Parenting Can Suck But So Can Some Parents
Some parents suck at parenting. They have their reasons but when you're a kid you don't know that. You just assume that your parents know you best. They lead you to believe that you are ugly, lazy, stupid, too loud, too quiet, too sensitive, too weird, not polite enough, barely capable, an embarrassment. The thing is, if your parents can't find you lovable or redeeming, no one can, right? Including your self - that lovely, precious essence of you that is born trusting and open and curious.
For those of you who find yourself there, I tell you this: Your parents lied to you. I don't know why and it doesn't matter. They made you believe that you weren't good enough to deserve their love and adoration. They made you believe that you were broken and impossible to fix. They abandoned you and refused to protect you. You did nothing to bring this on. Instead, your parents redirected their own unhealed wounds at you.
People say, Your parents are doing/did their best. To which I respond, "Their best was not good enough. Not by a long shot." When the results of your best are a child who hates themself, a child who has lost all faith and trust in self and lives with the burden of unworthiness, you're not trying hard enough.

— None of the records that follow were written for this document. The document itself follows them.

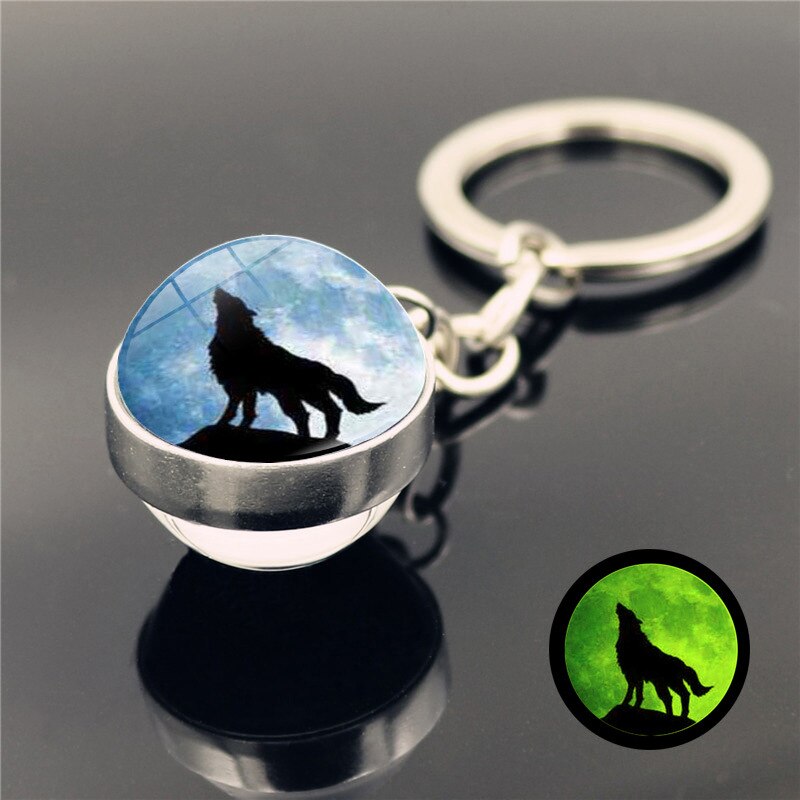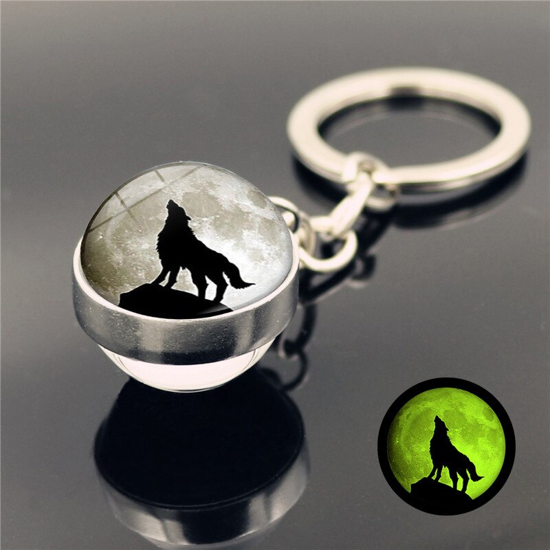 Lichtgevende huilende wolf huilende maan sleutelhanger hanger dubbelzijdige gloeiende glazen bol sleutelhanger hanger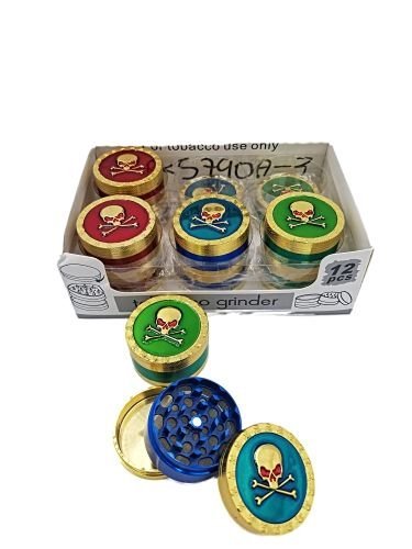 3 Part 50mm Gold Grinder With Etched Skull & Bone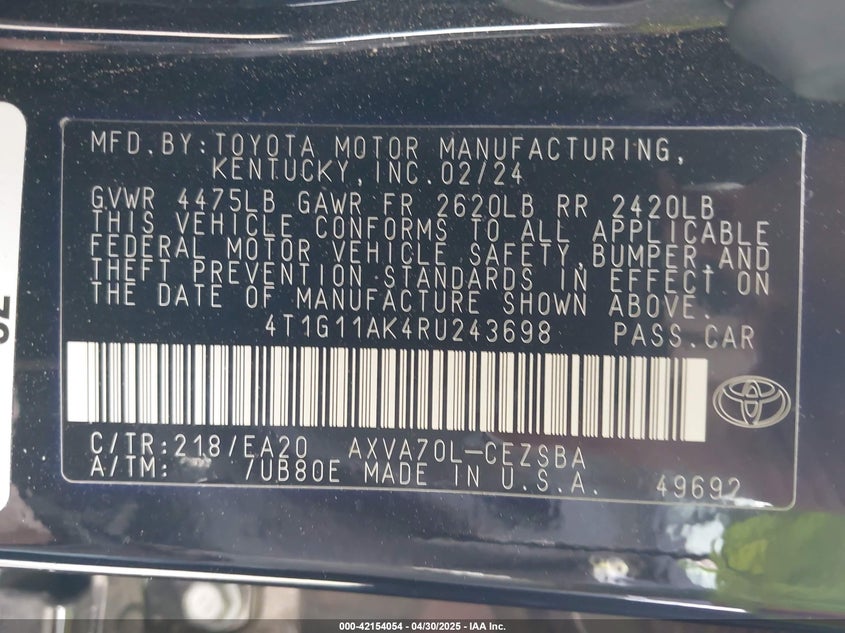 4t1g11ak4ru243698

What Happened To You Is Not Your Fault But Healing From It Is Your Responsibility
Take in those words. Believe them. Write them on post-it notes and slap them on every wall, mirror, and lampshade you have. Maybe even your forehead. Write it on the back of your hand. Send yourself a text message. This is your new truth, let it sink in.
And then start your healing because no one else can do it for you. Prove your parents wrong. How you feel about yourself need not be a life sentence. It is within your control to change the conversation inside your head, change the story that was made up about you.